Written by the film's screenwriter, Budd Schulberg, the stage version has no notable stars. And the omens were bad. The director and two of lead actors left before the curtain went up, citing unspecified "artistic reasons". An actor in a minor role had a heart attack on stage in the final preview last weekend. It took the audience several minutes to realise his collapse was not part of the script.
Then came the last week's reviews. "Splash . . . gurgle . . . gurgle . . . gurgle", began the New York Post's critic. The New York Times likened it to "seeing what happens when a Rolex of a film is taken apart for no special aesthetic reason, then put back together with much of its mechanism missing". The production, "moves as if it feels hurt".
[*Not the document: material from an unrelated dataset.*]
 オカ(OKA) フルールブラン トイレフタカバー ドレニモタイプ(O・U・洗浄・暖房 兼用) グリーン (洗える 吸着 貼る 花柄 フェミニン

The clobbering of Waterfront has coincided with Vesuvian eruptions of praise for other newcomers to Broadway, including, from Britain, the Almeida's Hamlet, starring Ralph Fiennes, and the National Theatre's Les Parents Terribles (renamed Indiscretions here) with Kathleen Turner in the lead role alongside Eileen Atkins and Roger Rees.
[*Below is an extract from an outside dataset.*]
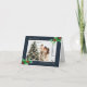 Elégante carte de Noël en bleu avec une aquarelle peinte de houx et de baies. Ajoutez facilement votre photo préférée, changez le texte, ou la couleur arrière - plan de cette carte pliée bleue personnalisée.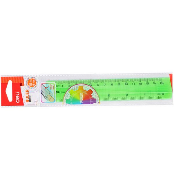 Линейка пластиковая 15см 2шкалы сантиметри+дюймы, прозрачная флуоресцентная ассорти Deli Pioneer

The theatre critic for the New York Observer jokingly suggested that had Ms Turner been cast in the Brando role of Terry Malloy, then Waterfront might have survived. "The thing was ill-fated and an act of absolute folly", the Observer argued. "You can't budget a straight play at $3m. You will never get your money back unless you have at least one star."
The play's lead producer, Mitchell Maxwell, admitted he was "extremely disappointed" that feeble ticket sales had forced the early closure. Of his own future: "I'll spend more time with my kid. I'll go to the gym, lift weights - and when I drop them, I'll think of the critics they might be landing on."
For the investors, the curtain's fall represents a huge financial bust. The only chance for any return would be a touring version or a London run. But there are no such plans at present.
For Mr Schulberg, at least, consolation will be available at any self- respecting video store.